• **TASK TO CARRY OUT**:
Make an exact copy of the lines from the one holding "Harper’s sleek, retro" through the end of the entries below, both ends kept, and of nothing else. Exclude pictures.

====

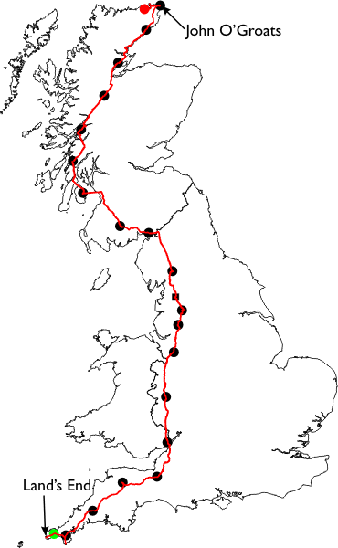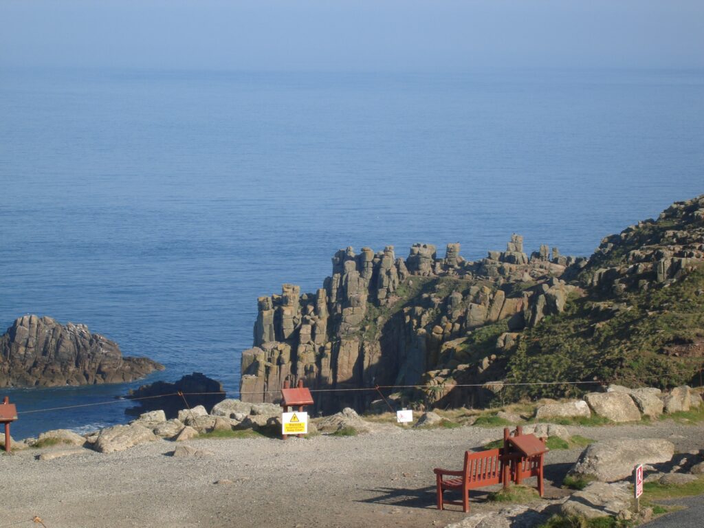 The train arrived to time and after a suitable amount of faffing and photography we were on our way. The weather was glorious: hardly a cloud and very little wind. We found the road to Land’s End with no difficulty, but everything was hillier than I imagined. After half an hour, our average speed was only 6.4mph and I was beginning to worry greatly about the entire timetable. This had picked up a little by the time we reached Land’s End.
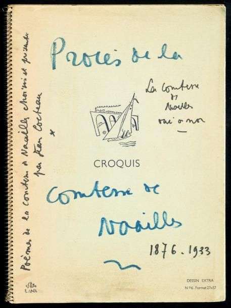 * Manuscrit autographe signé, Préface, octobre 1962, correspondant à la Préface (sans titre) du volume (p. 13-16), suivi de Notes intégrées dans la section «Notes» du livre (pp. 93-94, 97- 98) et d'un plan sommaire du volume avec des essais de titres. La couverture porte trois essais de titres: «Procès de la comtesse de Noailles 1876-1933», «Poèmes de la comtesse de Noailles choisis et présentés par Jean Cocteau» et «La Comtesse de Noailles oui ou non» (cahier de dessin grand in-fol. à spirale de 10 plus 2 pages in-4 de sa main et 2 ff. imprimés de l'épître dédicataire du Voyage de Sparte de Barrès collés dans le cahier).
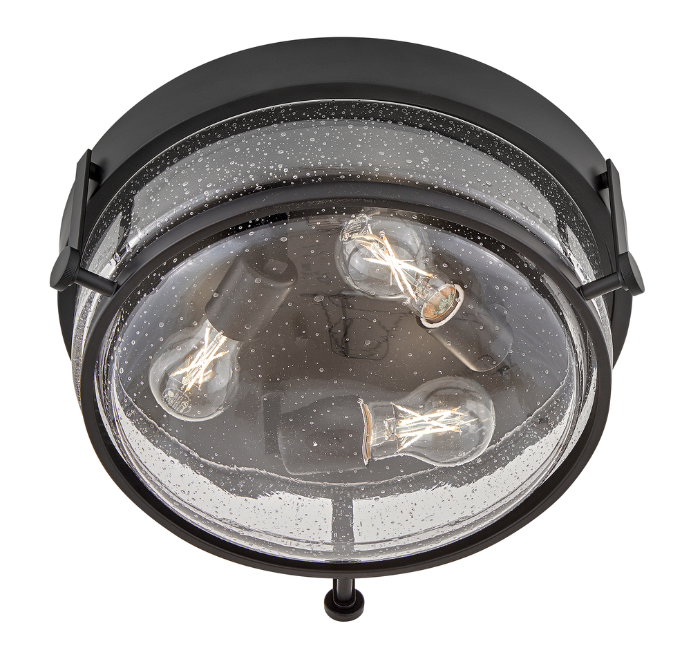 Harper’s sleek, retro design elevates the traditional ceiling mount with a unique clear seedy glass bound by a prominent metal ring and decorative knobs. Available in five classic finishes.
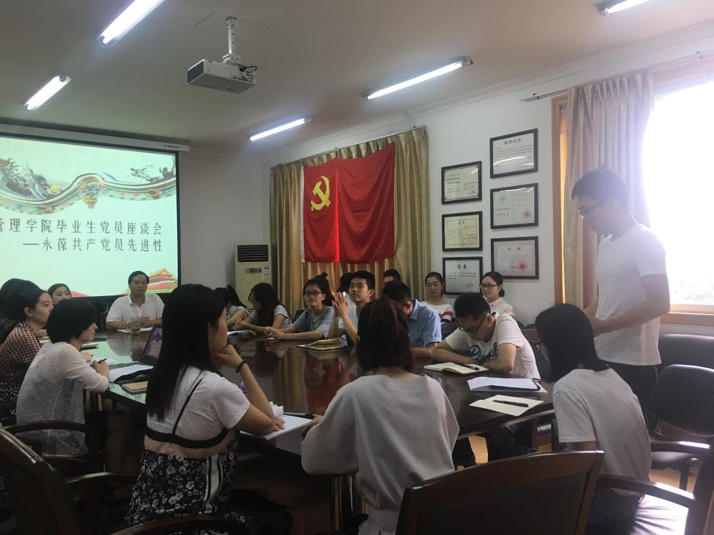 2017年6月23日上午10点,英国威廉希尔公司党支部在第二行政楼会议室召开了以“永葆共产党员先进性”为主题的毕业生党员座谈会,本次会议由学生二支部书记、辅导员潘雪丽主持,党总支书记王子华、全体辅导员及2017届毕业生党员参加了此次座谈会。
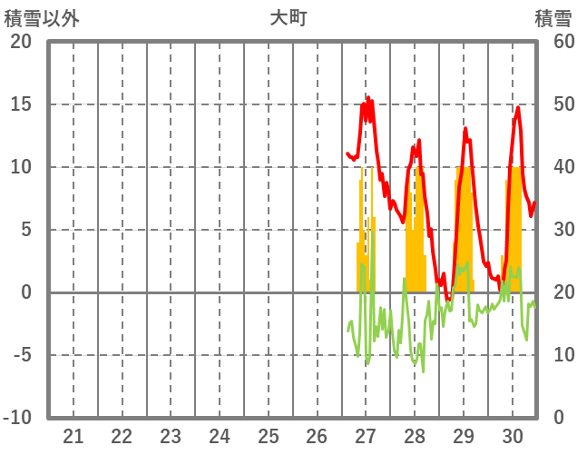 | 日 | 時 | 気温 | 降水 | 風向/風速 | 日照 | 積雪 | 降雪 |
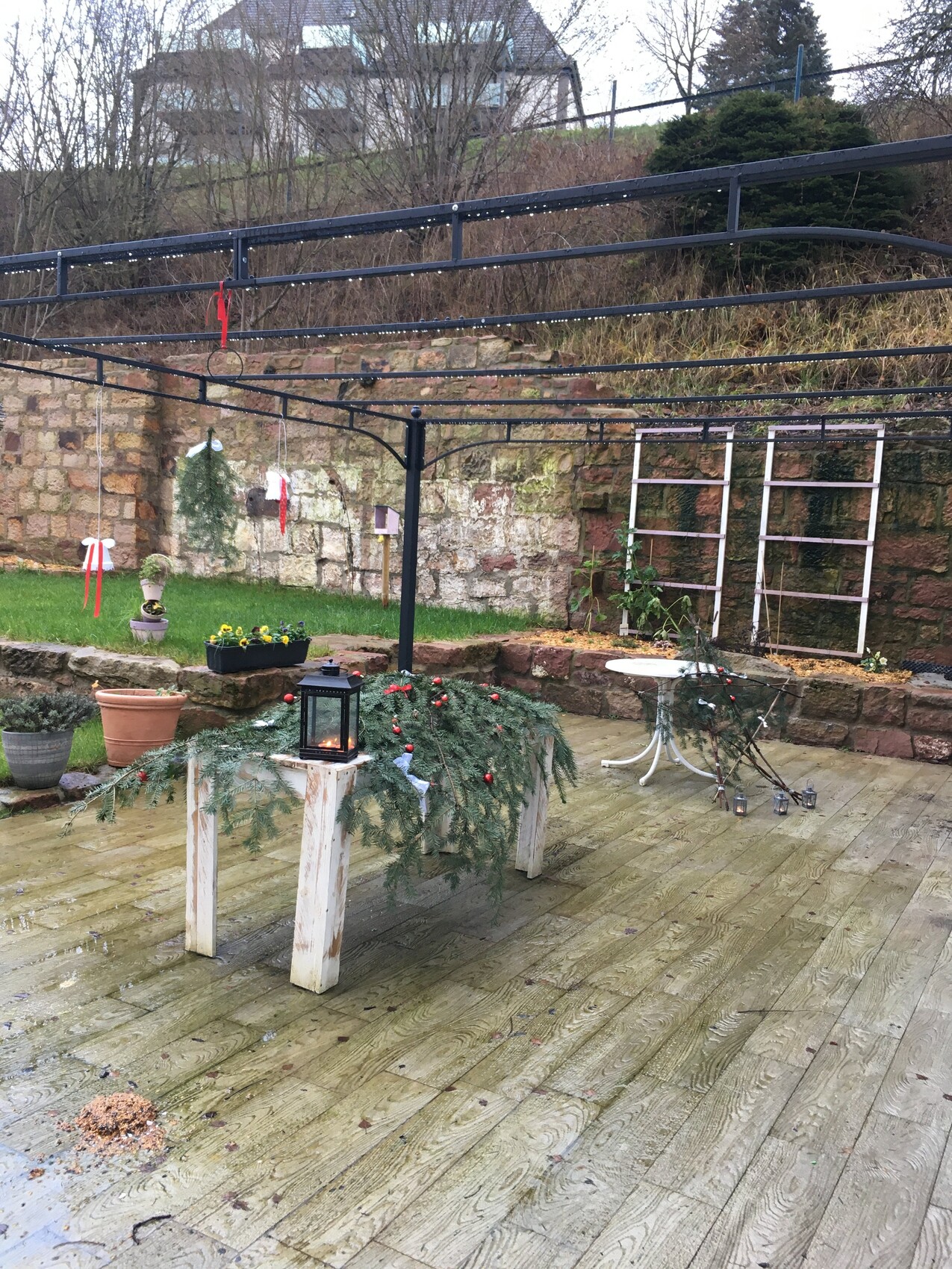 Legt Terrassen an. 1 Ebene für Essen, Grillen

====

• **OUTPUT OF THE TASK**:
 Harper’s sleek, retro design elevates the traditional ceiling mount with a unique clear seedy glass bound by a prominent metal ring and decorative knobs. Available in five classic finishes.
 2017年6月23日上午10点,英国威廉希尔公司党支部在第二行政楼会议室召开了以“永葆共产党员先进性”为主题的毕业生党员座谈会,本次会议由学生二支部书记、辅导员潘雪丽主持,党总支书记王子华、全体辅导员及2017届毕业生党员参加了此次座谈会。
 | 日 | 時 | 気温 | 降水 | 風向/風速 | 日照 | 積雪 | 降雪 |
 Legt Terrassen an. 1 Ebene für Essen, Grillen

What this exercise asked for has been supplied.